■ DATA EXCERPT:

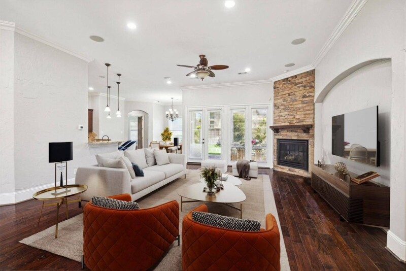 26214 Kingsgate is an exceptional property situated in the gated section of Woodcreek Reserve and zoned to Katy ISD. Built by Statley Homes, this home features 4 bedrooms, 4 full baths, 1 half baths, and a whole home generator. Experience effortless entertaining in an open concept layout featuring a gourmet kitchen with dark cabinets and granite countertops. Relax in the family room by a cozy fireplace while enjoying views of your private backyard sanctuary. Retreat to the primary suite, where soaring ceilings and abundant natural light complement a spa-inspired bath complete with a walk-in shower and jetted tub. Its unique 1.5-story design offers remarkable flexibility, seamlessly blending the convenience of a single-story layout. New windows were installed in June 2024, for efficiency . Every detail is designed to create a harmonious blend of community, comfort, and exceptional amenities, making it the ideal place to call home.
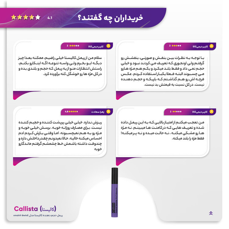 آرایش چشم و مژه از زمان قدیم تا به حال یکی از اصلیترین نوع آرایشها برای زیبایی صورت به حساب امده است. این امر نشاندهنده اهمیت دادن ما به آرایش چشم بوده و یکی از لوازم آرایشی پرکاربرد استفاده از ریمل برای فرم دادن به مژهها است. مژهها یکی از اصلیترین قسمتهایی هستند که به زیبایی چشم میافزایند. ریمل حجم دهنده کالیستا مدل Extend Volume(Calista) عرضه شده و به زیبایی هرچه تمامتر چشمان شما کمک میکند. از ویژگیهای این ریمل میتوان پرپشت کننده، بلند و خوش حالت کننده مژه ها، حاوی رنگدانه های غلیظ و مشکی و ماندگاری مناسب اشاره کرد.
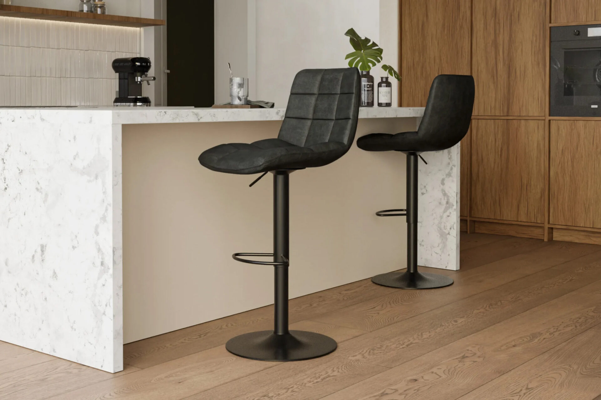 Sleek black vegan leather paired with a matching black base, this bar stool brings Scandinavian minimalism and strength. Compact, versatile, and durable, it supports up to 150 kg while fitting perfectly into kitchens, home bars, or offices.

■ WORK ITEM: When you output the listing, reproduce it exactly but drop its pictures.

■ YOUR RESPONSE:
 26214 Kingsgate is an exceptional property situated in the gated section of Woodcreek Reserve and zoned to Katy ISD. Built by Statley Homes, this home features 4 bedrooms, 4 full baths, 1 half baths, and a whole home generator. Experience effortless entertaining in an open concept layout featuring a gourmet kitchen with dark cabinets and granite countertops. Relax in the family room by a cozy fireplace while enjoying views of your private backyard sanctuary. Retreat to the primary suite, where soaring ceilings and abundant natural light complement a spa-inspired bath complete with a walk-in shower and jetted tub. Its unique 1.5-story design offers remarkable flexibility, seamlessly blending the convenience of a single-story layout. New windows were installed in June 2024, for efficiency . Every detail is designed to create a harmonious blend of community, comfort, and exceptional amenities, making it the ideal place to call home.
 آرایش چشم و مژه از زمان قدیم تا به حال یکی از اصلیترین نوع آرایشها برای زیبایی صورت به حساب امده است. این امر نشاندهنده اهمیت دادن ما به آرایش چشم بوده و یکی از لوازم آرایشی پرکاربرد استفاده از ریمل برای فرم دادن به مژهها است. مژهها یکی از اصلیترین قسمتهایی هستند که به زیبایی چشم میافزایند. ریمل حجم دهنده کالیستا مدل Extend Volume(Calista) عرضه شده و به زیبایی هرچه تمامتر چشمان شما کمک میکند. از ویژگیهای این ریمل میتوان پرپشت کننده، بلند و خوش حالت کننده مژه ها، حاوی رنگدانه های غلیظ و مشکی و ماندگاری مناسب اشاره کرد.
 Sleek black vegan leather paired with a matching black base, this bar stool brings Scandinavian minimalism and strength. Compact, versatile, and durable, it supports up to 150 kg while fitting perfectly into kitchens, home bars, or offices.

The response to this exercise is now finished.